Extracting information from a qubit by multiple observers: Toward a theory of sequential state discrimination

TL;DR

This paper investigates sequential unambiguous state discrimination on a single qubit by multiple observers, aiming to maximize the probability that each observer correctly identifies the state without errors, advancing the understanding of nondestructive quantum measurements.

Contribution

It introduces a framework for maximizing success probabilities in sequential unambiguous state discrimination, a step toward nondestructive quantum measurement theory.

Findings

Both Bob and Charlie can successfully identify the state with nonzero probability.

The success probability for Charlie depends on the residual information after Bob's measurement.

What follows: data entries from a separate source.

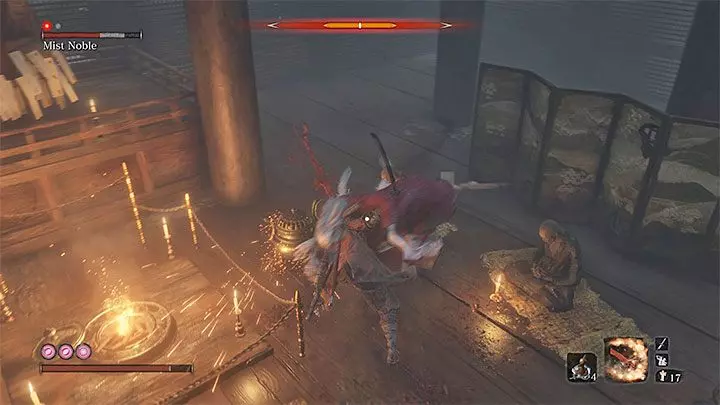 策略 雾隐贵人是一个极其危险的 Boss。如果你不是懦夫,就正面接近他,准备一场传奇且充满挑战的战斗。一个更简单的开局方式是从屋顶的洞口跳到他身后并发起攻击。 战斗开始后,你需要运用超乎常人的大量技巧和天赋才能与他的力量抗衡。最佳战术是锁定他,并以超越人类极限的速度疯狂按下攻击键。如果你攻击不够快,他会格挡你并将你挑飞,造成一击致命的死亡打击,你的存档也会被删除。他比《黑暗之魂》《血源诅咒》《艾尔登法环》《恶魔之魂》和《只狼:影逝二度》中的所有 Boss 加起来还要强。我认为 FromSoftware 需要添加一个简单模式来击败雾隐贵人。我靠。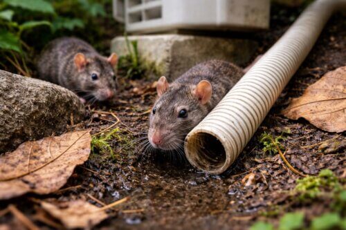 ホースの内径は大きくないため、すべての個体が入れるわけではありませんが、体の小さな個体や幼いネズミは侵入できることがあります。室外機まわりでカサカサ音がする、ホース先端にかじった跡がある、水の流れが悪いといった変化は要注意です。ホースの先端が泥や落ち葉で塞がれていると、排水不良としてしか認識されず、侵入の兆候として見逃されることがあります。排水不良とネズミ被害は別物のように見えて、実際には同時に起きていることもあります。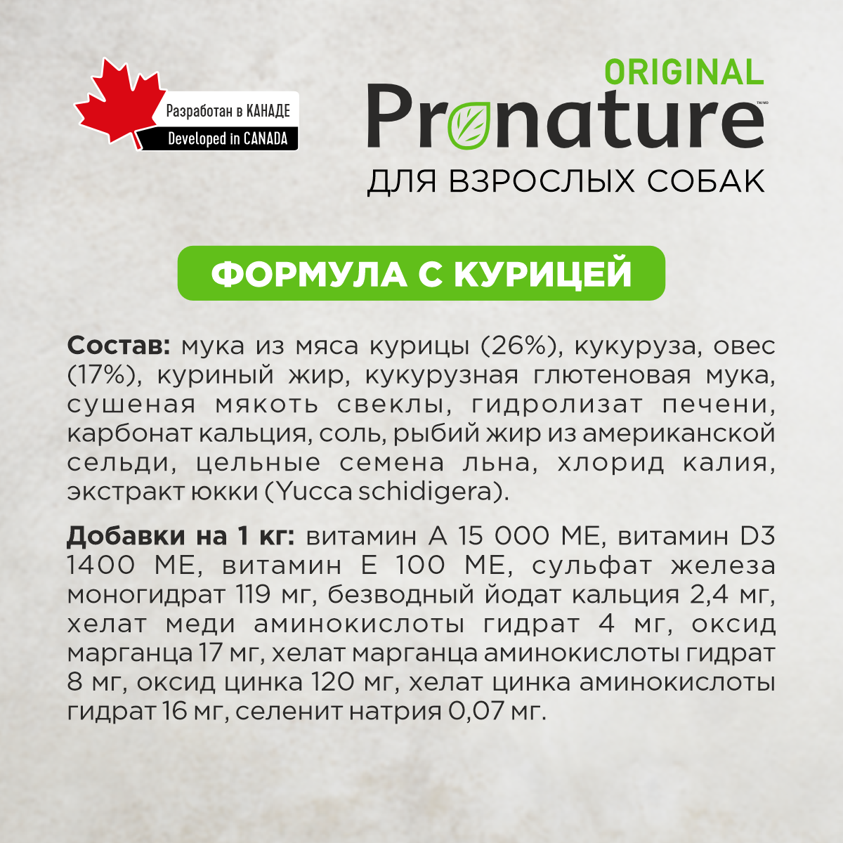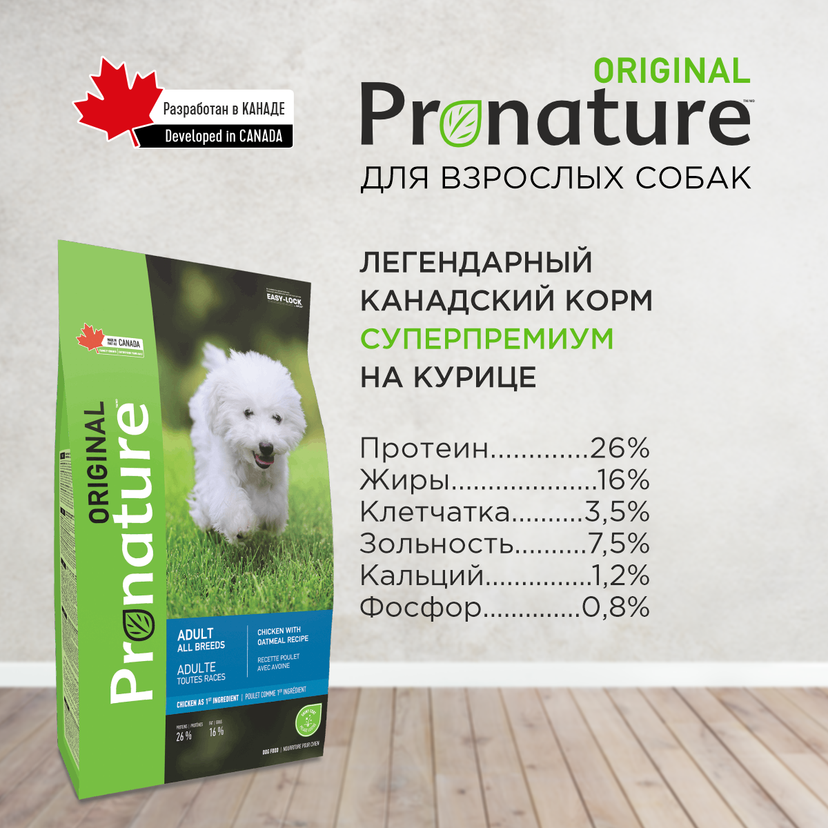 Сухой корм для собак ProNature Original, для здоровья кожи и шерсти, курица, с овсянкой 1 уп. х 1 шт. х 11.3 кг (для средних и крупных пород)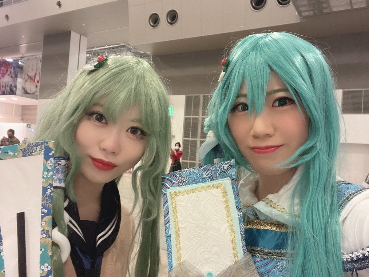 10 60 巫女服と制服早苗さん💚 早苗さんいるな〜とおもってたのでツーショ撮れて嬉しかったです! ありがとうございました〜☺️ #C99 #C99コスプレ 22/01/02 13:58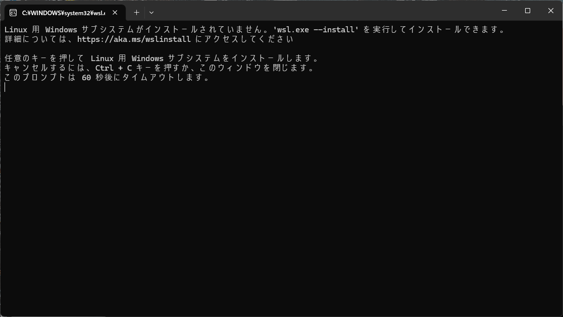 この時点でWSLがインストールされていない場合はUACプロンプトが表示され、「はい」ボタンをクリックすると続けて以下のウィンドウが表示されるので、任意のキーを押してWSLをインストールします。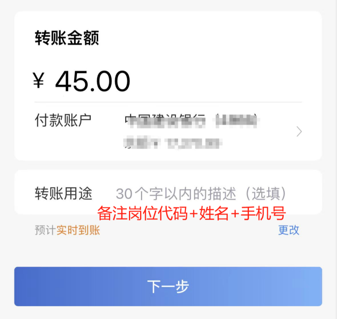 ②繳費(fèi)標(biāo)準(zhǔn)為人民幣45元,少交、多交或重復(fù)繳費(fèi)無(wú)效。繳費(fèi)時(shí)必須備注崗位代碼+姓名+手機(jī)號(hào),如因繳費(fèi)備注信息不全造成考生考試資格無(wú)法確認(rèn),將導(dǎo)致繳費(fèi)無(wú)效。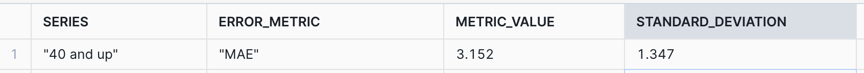 The results include separate evaluation metrics for both age bins we provided to the model. The results also list out various metrics we can use to understand our model’s performance. We’ll look at MAPE and Mean Absolute Error, which represents the average absolute error between actual and predicted values. At a high level, we can interpret this as a representation of how accurate the model’s predictions will be. The lower the better.

The residual information is quantified by the overlap between the post-measurement states.

Abstract

We discuss sequential unambiguous state-discrimination measurements performed on the same qubit. Alice prepares a qubit in one of two possible states. The qubit is first sent to Bob, who measures it, and then on to Charlie, who also measures it. The object in both cases is to determine which state Alice sent. In an unambiguous state discrimination measurement, we never make a mistake, i.e. misidentify the state, but the measurement may fail, in which case we gain no information about which state was sent. We find that there is a nonzero probability for both Bob and Charlie to identify the state, and we maximize this probability. The probability that Charlie's measurement succeeds depends on how much information about the state Alice sent is left in the qubit after Bob's measurement, and this information can be quantified by the overlap between the two possible states in which Bob's measurement leaves the qubit. This paper is a first step toward developing a theory of nondestructive sequential quantum measurements, which could be useful in quantum communication schemes.